— RECORDED DATA —
┌────────
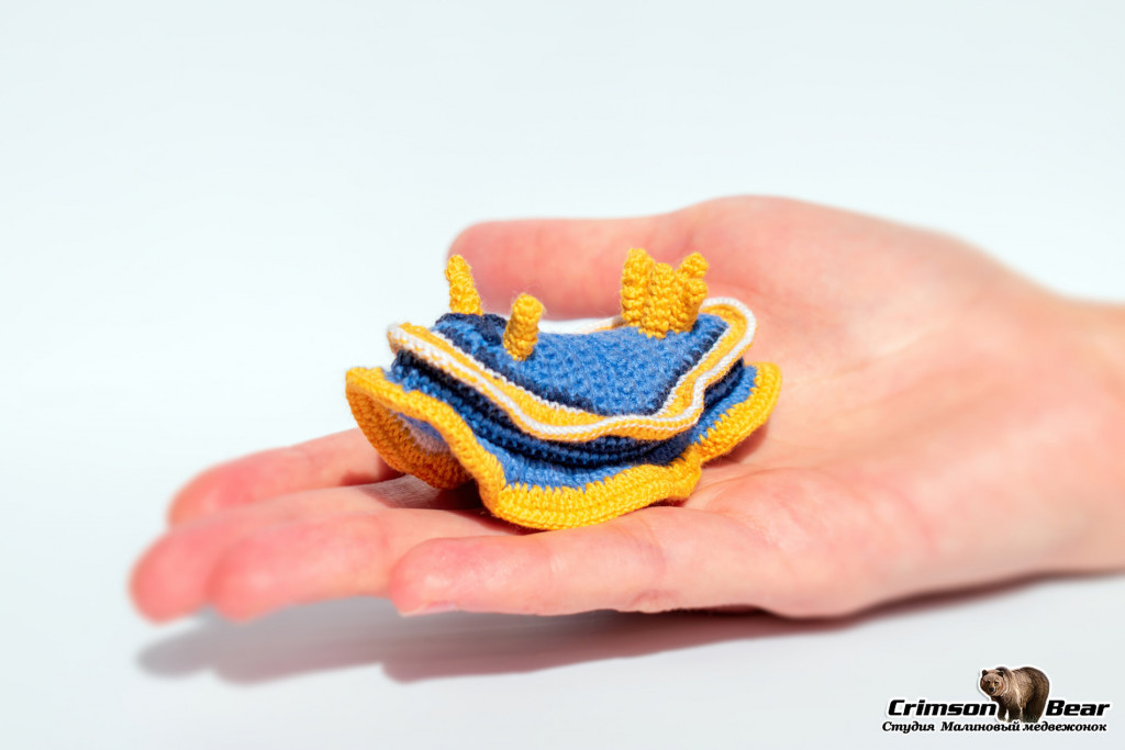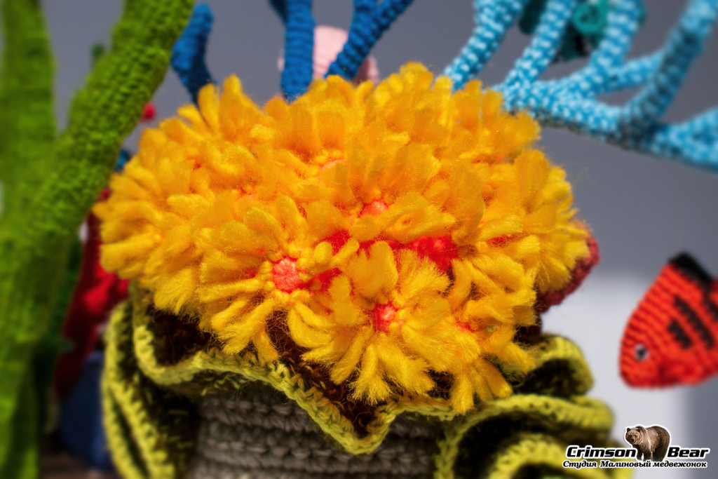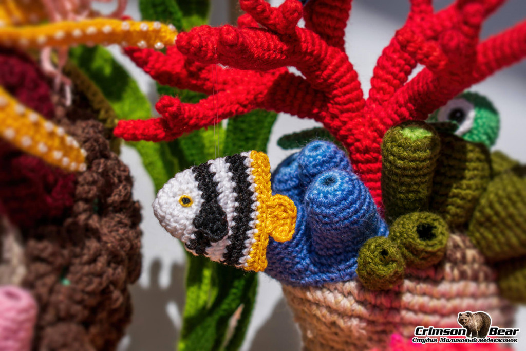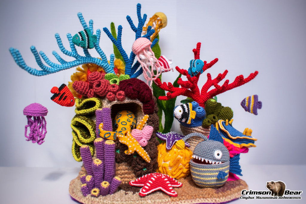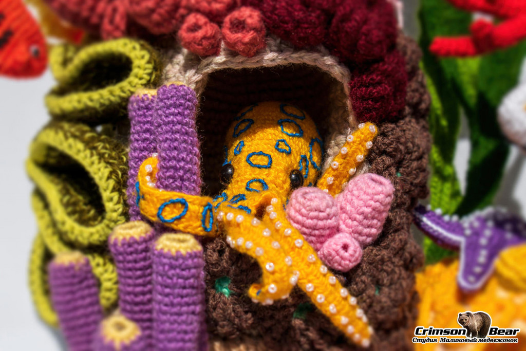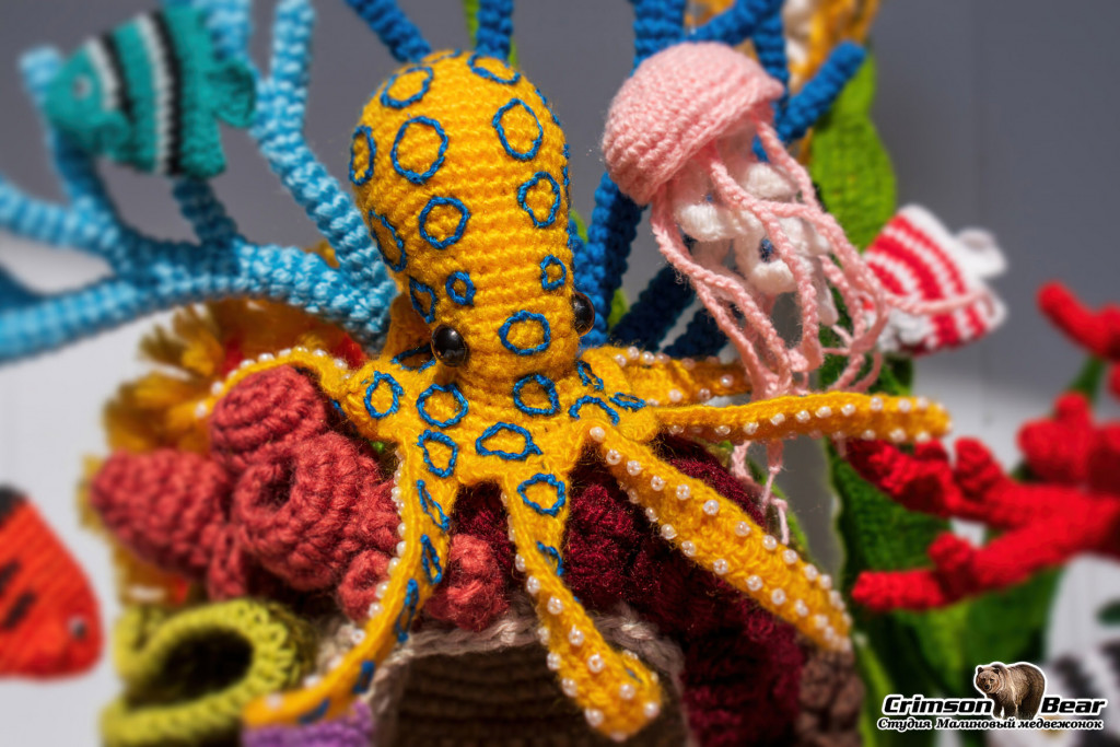 Размер основания композиции 28х20 см., высота 33 см. Длина осьминога с щупальцами 14 см. Маленькие рыбки по 4 см. Моллюск хромодорис 8 см. в длину. Кораллы выполнены из пряжи с проволочным каркасом. Основание композиции и камни выполнены с применением гофрокаркаса. Изделие относится больше к сувенирной категории, но отдельные элементы, в частности представители морской фауны по отдельности могут служить как игрушки для детей от 3х лет.
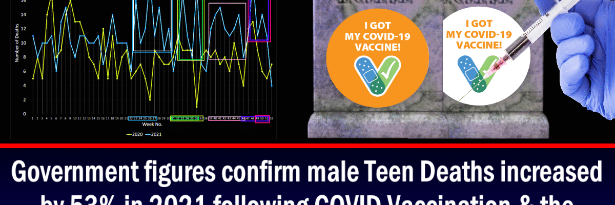 Please share our story! Print 🖨 PDF 📄An investigation of UK Government data has revealed that there was a 53% increase in deaths deaths due to all causes among male teens aged … Continue reading Government figures confirm male Teen Deaths increased by 53% in 2021 following COVID Vaccination & the Death spikes correlate with the uptake of each dose
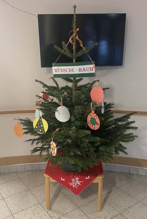 Das Betreuungsteam des Gützkower Pflegeheims hat sich in diesem Jahr etwas ganz Besonderes für seine Bewohner*innen einfallen lassen. Im Eingangsbereich des Hauses steht während der Adventszeit ein „Wünschebaum“. Die Idee dahinter ist simpel: Jede*r Bewohner*in darf einen Wunsch (oder auch mehrere) auf eine der vorbereiteten „Kugeln“ schreiben und ihn an den Baum hängen. Dieser Wunsch wird dann von den Angehörigen oder Mitarbeitenden der Einrichtungen erfüllt und am Heiligabend eingelöst.
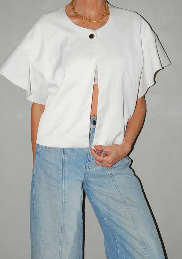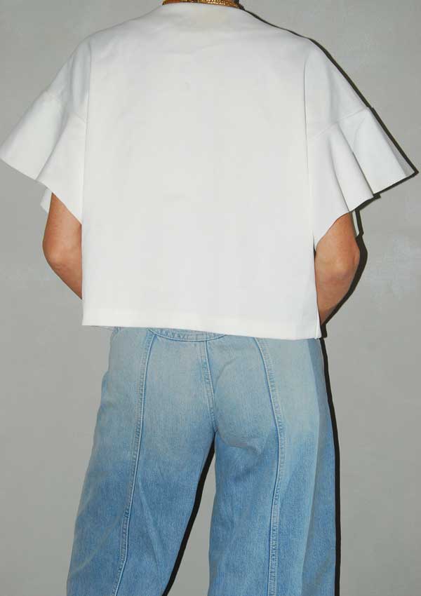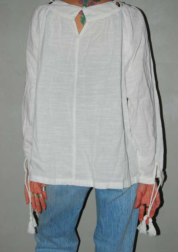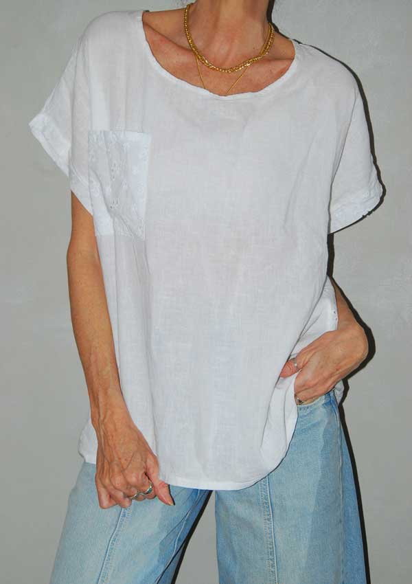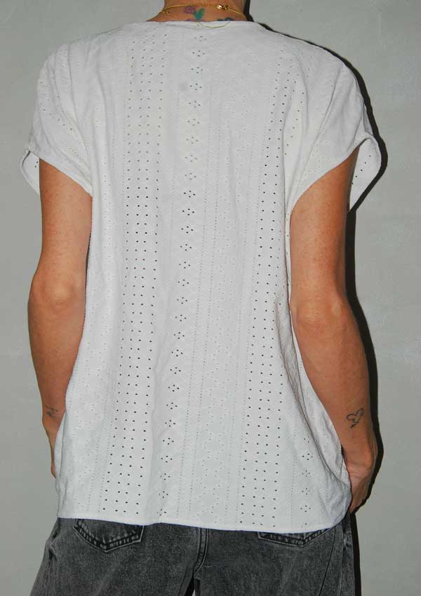 חולצה לבנה יפה עם חיתוכים מקדימה (דוגמנית לובשת מתחת גופיה שחורה) SACK'S
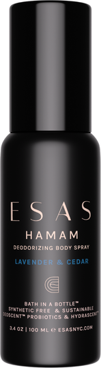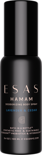 - HOW IT WORKS : Inspired by the ancient Hamam ritual, Esas Hamam Deodorizing Body Spray is your "bath in a bottle," designed to purify, cleanse, and refresh. Rooted in a tradition that dates back to the 14th century, this unique body spray brings the essence of Roman baths into the modern day. Scientifically formulated with the purest ingredients, including Certified Organic Botanical Alcohol*, Witch Hazel, Coconut-Derived Glycerin*, and Esas DeoScent™ Sugarcane Ferment*, it effectively cleanses, deodorizes, and refreshes your skin wherever you go. Enriched with hydrating hyaluronic acid, vitamin E, and antioxidant-rich grape leaf tincture, this spray not only purifies but also nourishes, leaving your skin feeling revitalized and lightly scented. Perfect for an on-the-go refresh, it's the ultimate solution for staying clean, refreshed, and fragrant throughout your day.
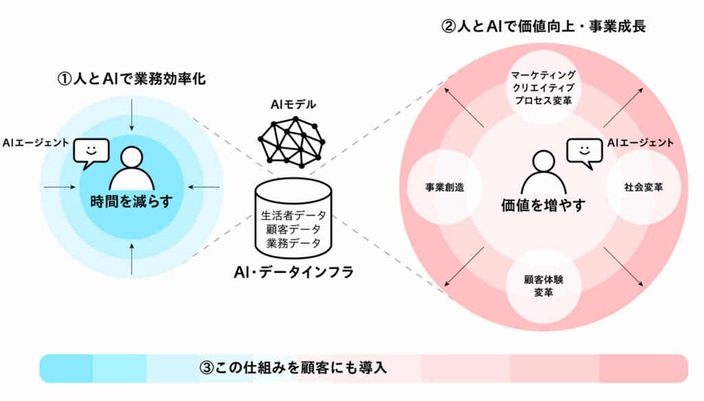 ∞AIは、国内の電通グループが提唱するAI戦略「AI For Growth 2.0」の中核を担っています。
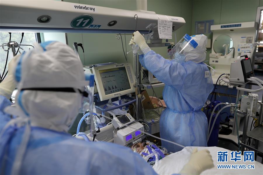 4月24日,在位于武汉的华中科技大学同济医学院附属协和医院西院,医务人员何珏(右)在护理核酸检测结果转阴的新冠肺炎病人。 新华社记者 沈伯韩 摄
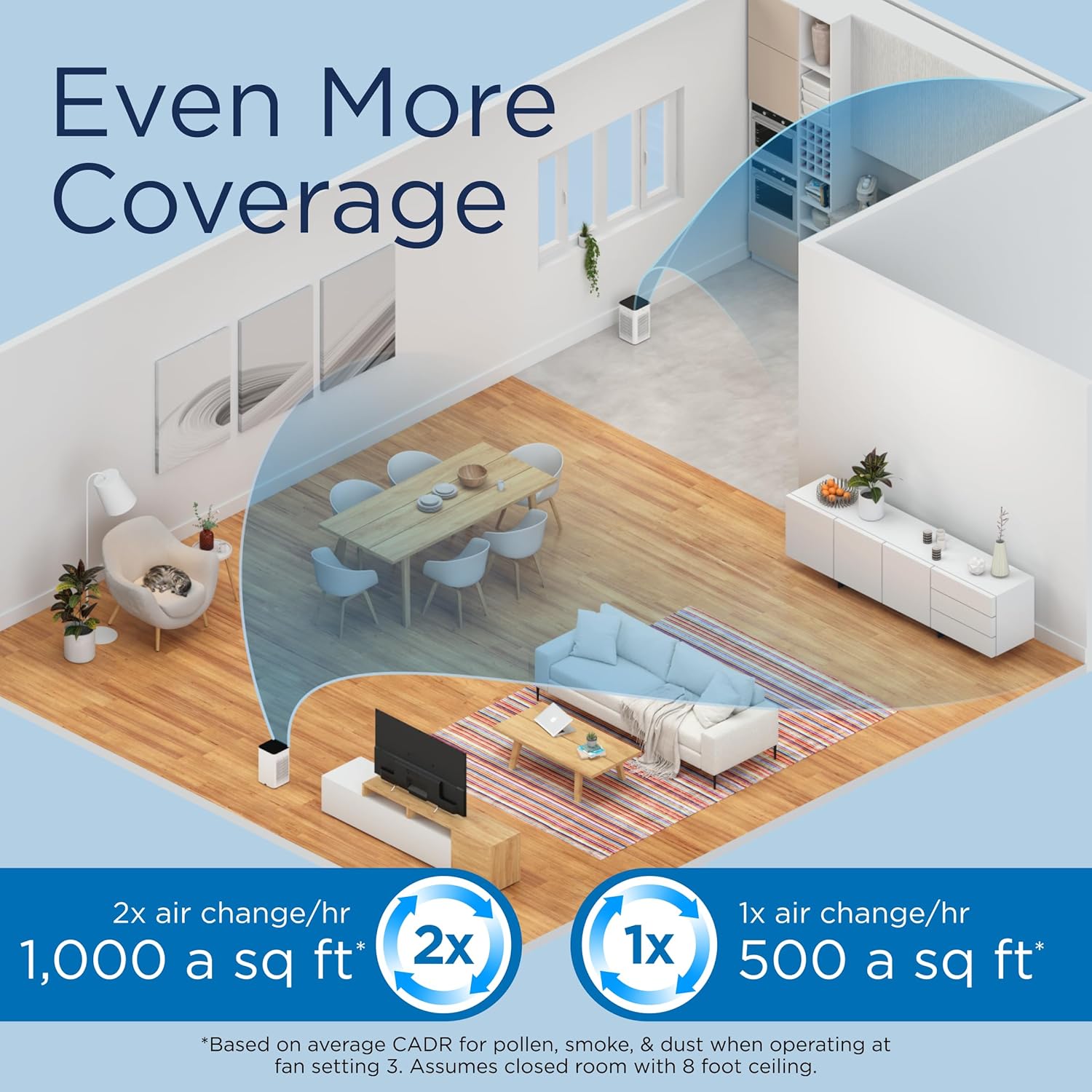 - Mejora la calidad del aire en una habitación de hasta 1.000 pies cuadrados en una hora, 500 pies cuadrados en 30 minutos, 250 pies cuadrados en 15 minutos (CADR 250)
└────────
— DIRECTIONS FOR THIS TASK —
Take the line containing "新华社记者 沈伯韩 摄" and every line after it through the end of the data, and write them out exactly, with no pictures.

— EXERCISE SOLUTION —
 4月24日,在位于武汉的华中科技大学同济医学院附属协和医院西院,医务人员何珏(右)在护理核酸检测结果转阴的新冠肺炎病人。 新华社记者 沈伯韩 摄
 - Mejora la calidad del aire en una habitación de hasta 1.000 pies cuadrados en una hora, 500 pies cuadrados en 30 minutos, 250 pies cuadrados en 15 minutos (CADR 250)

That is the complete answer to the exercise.